__Brief__: Directions for the data below: repeat exactly the lines from the one with "This inaugural issue" through the one with "Choose a Background", both included, and omit all pictures.

__Input material__:
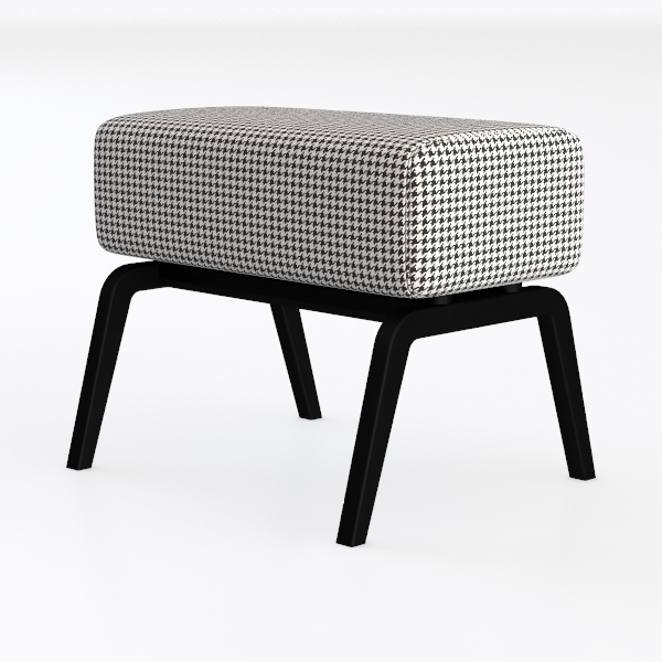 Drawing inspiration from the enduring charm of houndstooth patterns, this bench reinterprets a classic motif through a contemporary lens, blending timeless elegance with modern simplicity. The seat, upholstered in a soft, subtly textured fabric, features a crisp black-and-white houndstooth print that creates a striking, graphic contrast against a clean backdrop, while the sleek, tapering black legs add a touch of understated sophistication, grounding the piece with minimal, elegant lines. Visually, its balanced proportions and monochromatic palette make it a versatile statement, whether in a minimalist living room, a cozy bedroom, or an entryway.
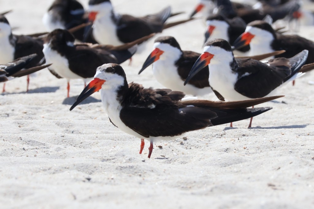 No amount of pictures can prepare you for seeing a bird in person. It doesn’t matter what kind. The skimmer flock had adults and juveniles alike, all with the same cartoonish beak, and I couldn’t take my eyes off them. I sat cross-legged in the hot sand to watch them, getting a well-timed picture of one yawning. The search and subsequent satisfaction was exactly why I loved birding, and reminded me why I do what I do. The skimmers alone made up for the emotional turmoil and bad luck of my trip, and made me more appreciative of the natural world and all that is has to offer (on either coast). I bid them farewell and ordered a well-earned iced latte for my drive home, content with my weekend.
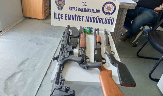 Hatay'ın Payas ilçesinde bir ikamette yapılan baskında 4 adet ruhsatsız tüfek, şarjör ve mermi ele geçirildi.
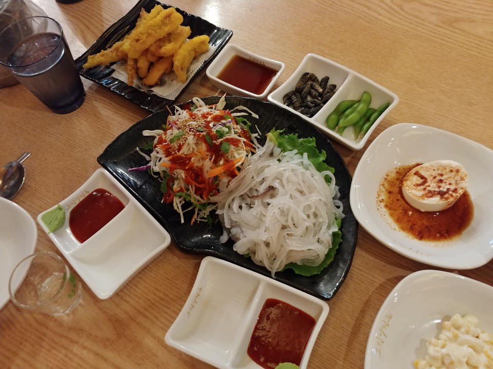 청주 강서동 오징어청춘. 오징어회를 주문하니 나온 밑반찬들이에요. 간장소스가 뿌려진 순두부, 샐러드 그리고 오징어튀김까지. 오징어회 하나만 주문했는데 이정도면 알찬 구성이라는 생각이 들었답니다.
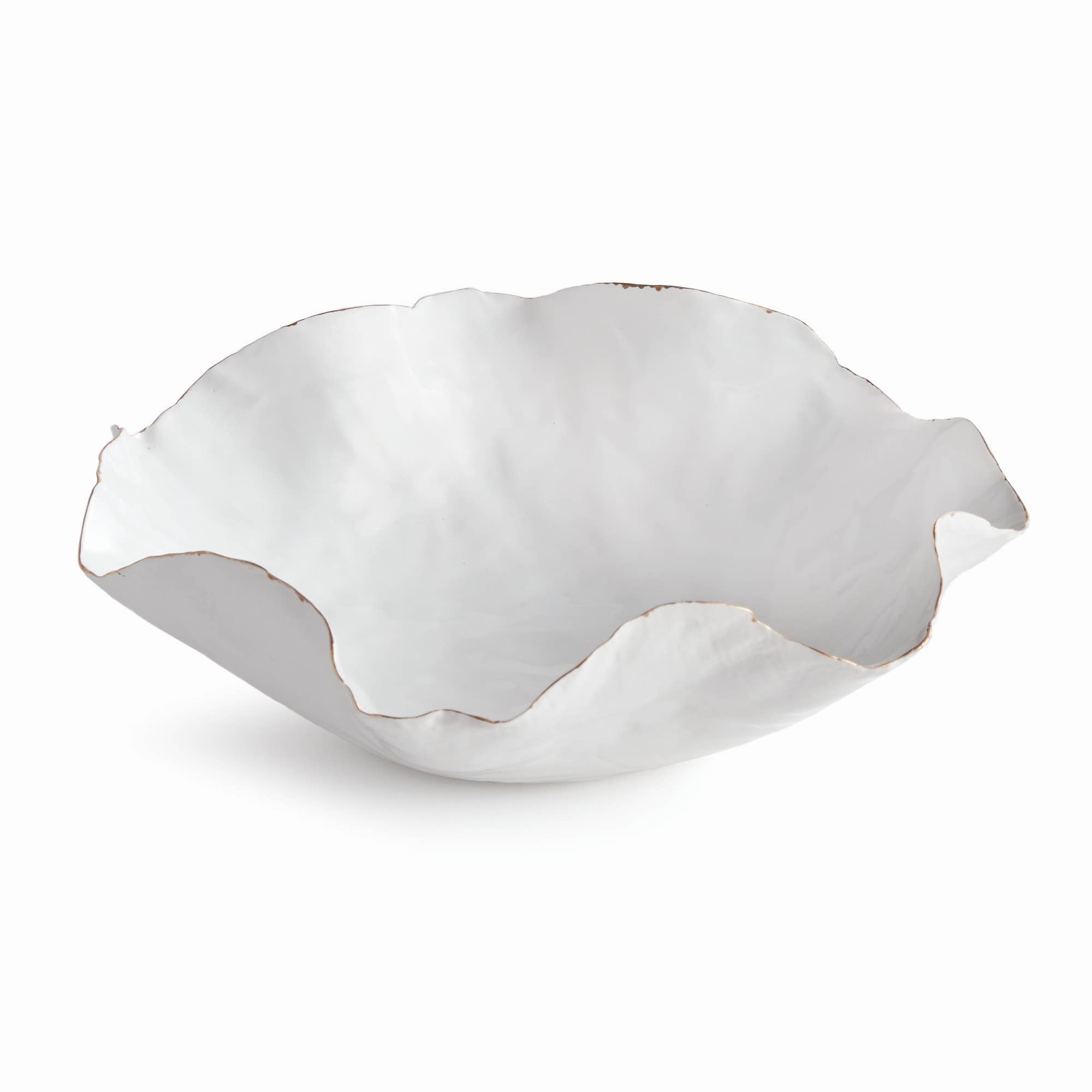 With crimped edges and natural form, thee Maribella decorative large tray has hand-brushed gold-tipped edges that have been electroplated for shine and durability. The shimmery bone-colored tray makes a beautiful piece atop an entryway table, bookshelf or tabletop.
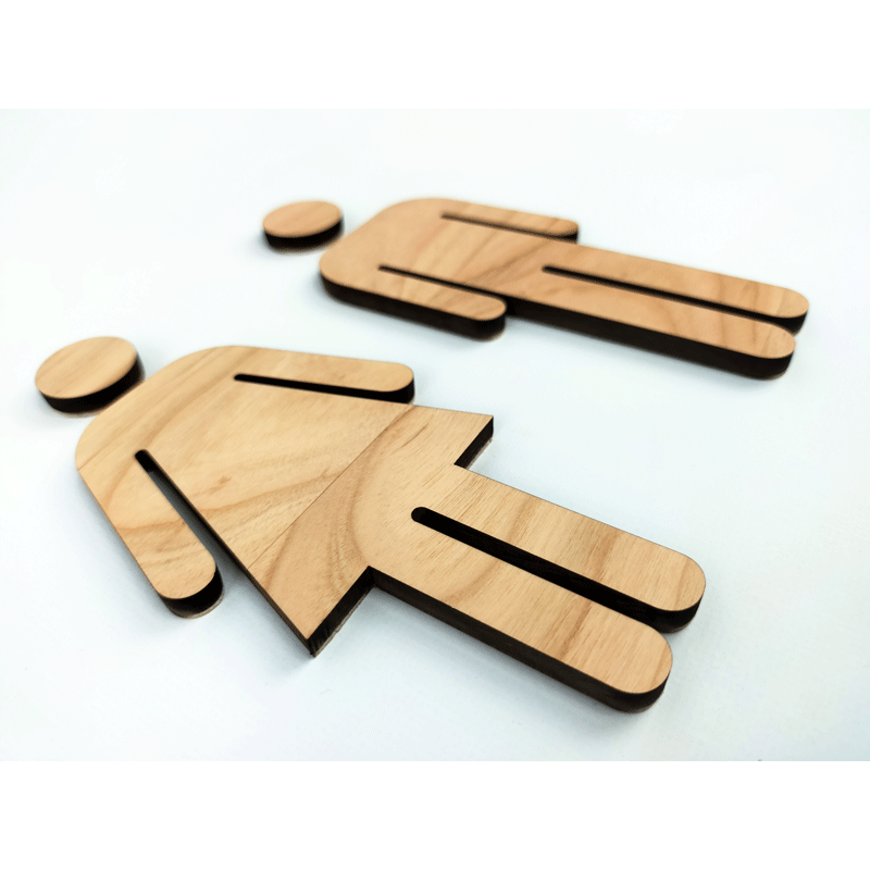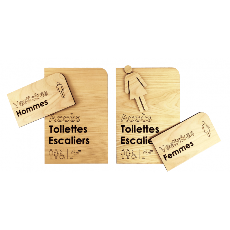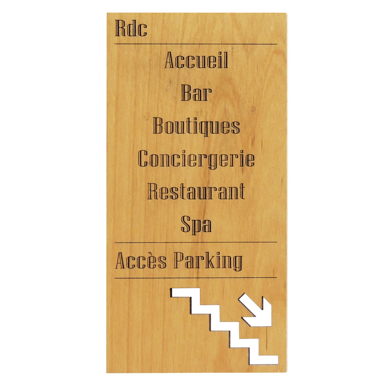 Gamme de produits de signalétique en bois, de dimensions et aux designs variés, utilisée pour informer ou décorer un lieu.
---
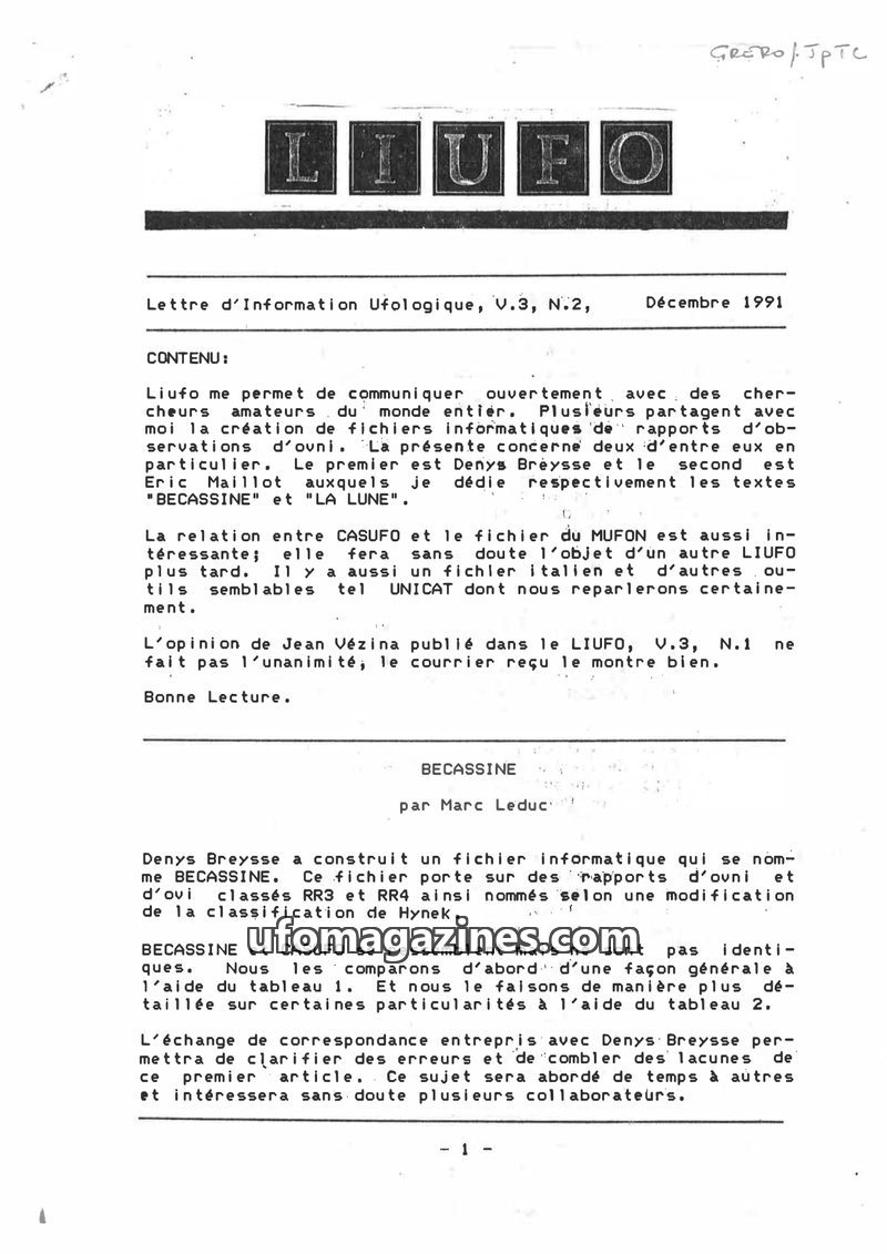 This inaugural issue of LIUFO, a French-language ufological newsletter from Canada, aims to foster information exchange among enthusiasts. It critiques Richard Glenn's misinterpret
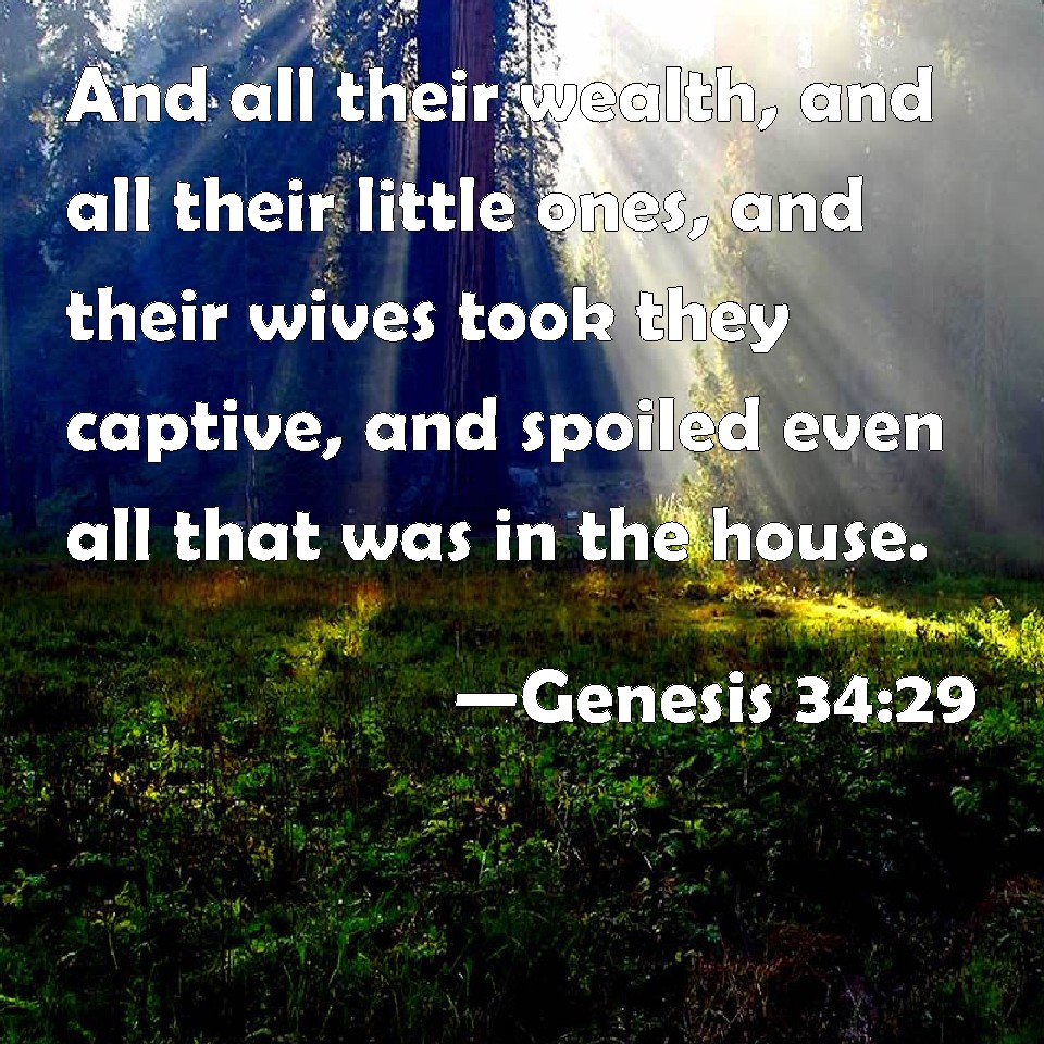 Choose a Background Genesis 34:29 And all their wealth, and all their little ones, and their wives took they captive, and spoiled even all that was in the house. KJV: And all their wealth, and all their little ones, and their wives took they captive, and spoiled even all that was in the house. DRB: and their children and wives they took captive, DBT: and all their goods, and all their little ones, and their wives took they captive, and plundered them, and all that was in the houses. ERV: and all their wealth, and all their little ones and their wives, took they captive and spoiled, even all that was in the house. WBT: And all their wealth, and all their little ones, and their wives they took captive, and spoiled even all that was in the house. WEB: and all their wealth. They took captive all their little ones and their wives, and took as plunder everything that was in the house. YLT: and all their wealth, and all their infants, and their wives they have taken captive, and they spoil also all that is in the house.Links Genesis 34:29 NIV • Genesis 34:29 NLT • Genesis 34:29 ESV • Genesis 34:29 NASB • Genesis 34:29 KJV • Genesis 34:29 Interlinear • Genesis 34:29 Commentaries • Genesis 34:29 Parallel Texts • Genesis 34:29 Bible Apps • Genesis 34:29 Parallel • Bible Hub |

__Exercise output__:
 This inaugural issue of LIUFO, a French-language ufological newsletter from Canada, aims to foster information exchange among enthusiasts. It critiques Richard Glenn's misinterpret
 Choose a Background Genesis 34:29 And all their wealth, and all their little ones, and their wives took they captive, and spoiled even all that was in the house. KJV: And all their wealth, and all their little ones, and their wives took they captive, and spoiled even all that was in the house. DRB: and their children and wives they took captive, DBT: and all their goods, and all their little ones, and their wives took they captive, and plundered them, and all that was in the houses. ERV: and all their wealth, and all their little ones and their wives, took they captive and spoiled, even all that was in the house. WBT: And all their wealth, and all their little ones, and their wives they took captive, and spoiled even all that was in the house. WEB: and all their wealth. They took captive all their little ones and their wives, and took as plunder everything that was in the house. YLT: and all their wealth, and all their infants, and their wives they have taken captive, and they spoil also all that is in the house.Links Genesis 34:29 NIV • Genesis 34:29 NLT • Genesis 34:29 ESV • Genesis 34:29 NASB • Genesis 34:29 KJV • Genesis 34:29 Interlinear • Genesis 34:29 Commentaries • Genesis 34:29 Parallel Texts • Genesis 34:29 Bible Apps • Genesis 34:29 Parallel • Bible Hub |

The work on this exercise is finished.